Closed iangow closed 6 years ago
@iangow This turns out to be very easy. The package dplyr has a function called bind_rows which can bind two dataframes with the same columns, and html_table() returns a list of dataframes when run on a list of html/xml nodes. So in get_filing_docs(), one simply changes
df <-
table_nodes %>%
.[[1]] %>%
html_table() %>%
mutate(file_name = file_name)
to
df <- table_nodes %>% html_table() %>% bind_rows() %>% mutate(file_name = file_name)
I executed the latter on the table_nodes produced for the example url you gave me in the first post, and it worked. My only question is, do all the tables have the same columns for the urls for each file name? If not, we will obviously have to do some further updates to handle different cases.
Here is code to delete the problem cases identified by mismatches between seq
and the number of filings. We have already run this code, so the problem files are now gone.
library(dplyr, warn.conflicts = FALSE)
library(RPostgreSQL, quietly = TRUE)
pg <- dbConnect(PostgreSQL())
rs <- dbExecute(pg, "SET search_path TO edgar")
rs <- dbExecute(pg, "SET work_mem TO '10GB'")

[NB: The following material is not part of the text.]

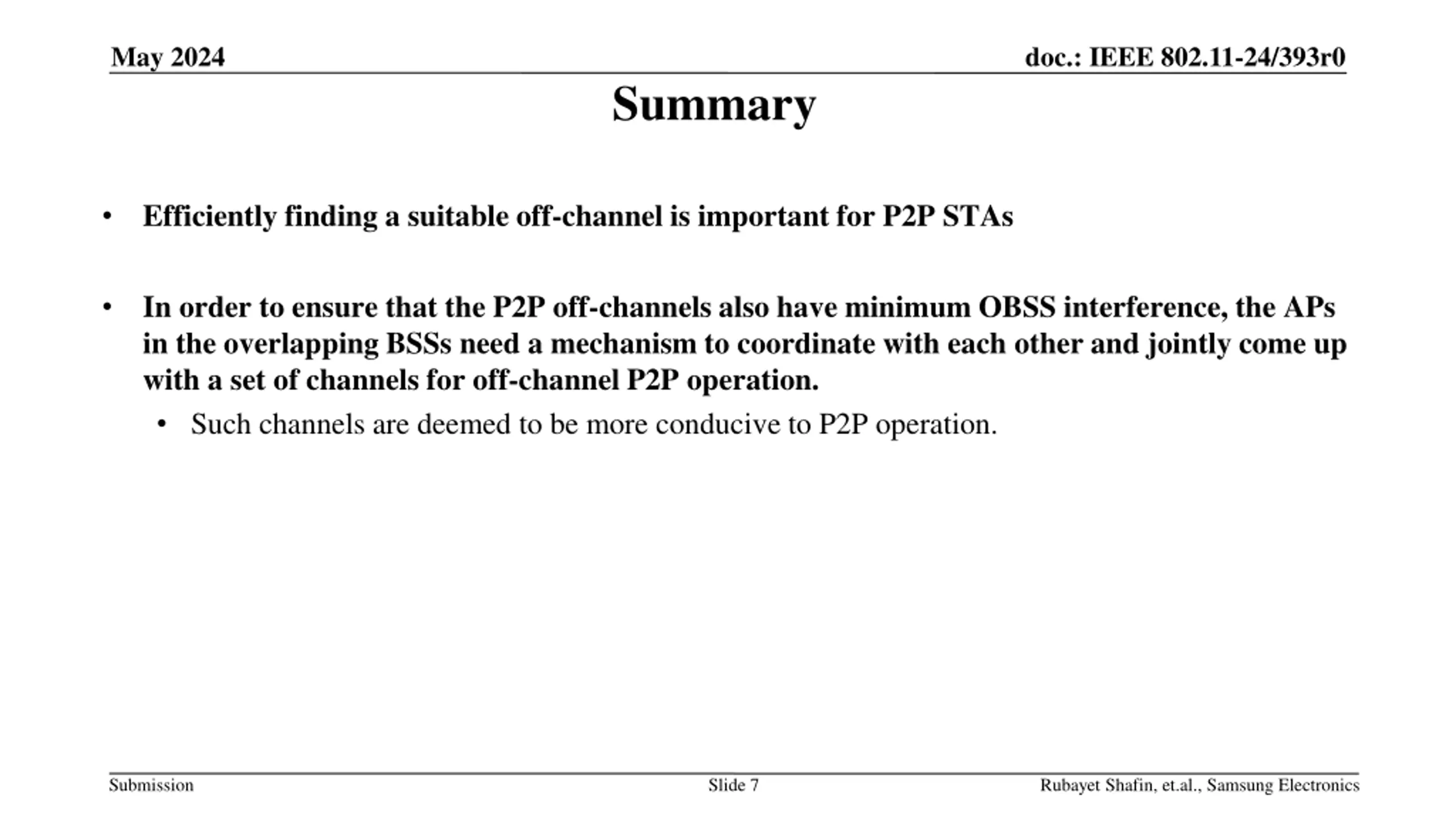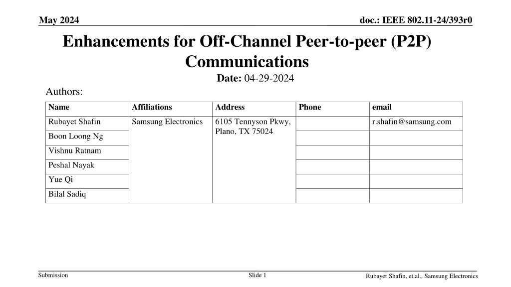 May 2024 doc.: IEEE 802.11-24/393r0 Enhancements for Off-Channel Peer-to-peer (P2P) Communications Date: 04-29-2024 Authors: Name Affiliations Address Phone email Rubayet Shafin Samsung Electronics 6105 Tennyson Pkwy, Plano, TX 75024 r.shafin@samsung.com Boon Loong Ng Vishnu Ratnam Peshal Nayak Yue Qi Bilal Sadiq Submission Slide 1 Rubayet Shafin, et.al., Samsung Electronics

filing_docs <- tbl(pg, "filing_docs")
problems <-
filing_docs %>%
group_by(file_name) %>%
summarise(max_seq = max(seq, na.rm = TRUE),
n_docs = n()) %>%
mutate(problem = max_seq > n_docs) %>%
filter(problem) %>%
ungroup() %>%
compute(name = "problems", temporary = FALSE,
indexes = "file_name")
problems %>% count(problem)
filing_docs <- tbl(pg, "filing_docs")
problems <- tbl(pg, "problems")
problems %>%
inner_join(filing_docs) %>%
summarise(n_fs = n_distinct(file_name))
dbGetQuery(pg, "
BEGIN;
DELETE FROM edgar.filing_docs
WHERE file_name IN (SELECT file_name FROM edgar.problems)")
dbGetQuery(pg, "COMMIT; ")
dbGetQuery(pg, "DROP TABLE IF EXISTS edgar.problems; ")
problems %>%
inner_join(filing_docs) %>%
summarise(n_fs = n_distinct(file_name))
dbDisconnect(pg)
IF you look here you will see that there are two groups of "filing documents".
As seen here, the code in get_filing_docs.R only extracts the first table. For now, we should examine how easy it is to modify the function
get_filing_docs()
to handle these cases. (I think it will be possible to identify the cases with this issue so that we don't have to scrape everything again.)